私が最初に小沢健二を知ったのは1988年にデビューしたフリッパーズ・ギターです。私はまだ中学生で、リサイクル屋で買ってきた3000円のアコースティックギターを見よう見まねで練習していました。

彼はそのバンドで、リードギターとコーラス、作詞を担当していました。

フリッパーズ・ギターは、「渋谷系バンド」とかで簡単にまとめてしまうには、あまりにも実力が抜きん出ていました。
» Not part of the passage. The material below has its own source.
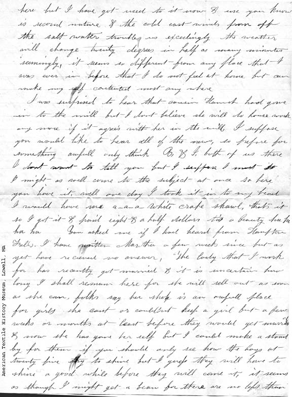 I was surprised to hear that Cousin Hannah had gave (sic) in to the mill but I don’t believe she will do house work any more, if it agrees with her in the mill. I suppose you would like to hear all the news, so prepare for something awfull only think B & J both of us there. I don’t want to tell you, but I suppose I must & I might as well come to the subject at once so here you will have it. Well one day I took it into my head I would have me a‐a‐a white crape9 shawl, that’s it. So I got it and paid eight & a half dollars. Tis a beauty. Ha ha ha ha You asked me if I had heard from Hampton Falls. I have written Martha a few weeks since, but as yet have received no answer. The lady that I work for has recently got married & it is uncertain how long I shall remain here for she will sell out as soon as she can. Folks say her shop is an awfull place for girls. She can’t or couldn’t keep a girl, but a few weeks or months at least before they would get married & now she has gone for herself, but I could make a stand by for them. If you could only see how the boys at twenty‐five try to shine, but I guess (***?) they will have to shine a good while before they will come (to) it. It seems as though I might get a beau10 for there are no less than

フリッパーズギターは最初5人組でしたが、途中でオザケンと小山田圭吾以外のメンバーが脱退します。

この脱退のエピソードが結構おもしろくて、小山田さんが骨折かなにかで入院してたら、オザケンがたずねてきて「3人を脱退させた」と言い出したそうです。

方向性が合わないとかの理由でしたが、オザケンはそれまでにもよくイザコザを起こしていたから誰も驚きませんでした。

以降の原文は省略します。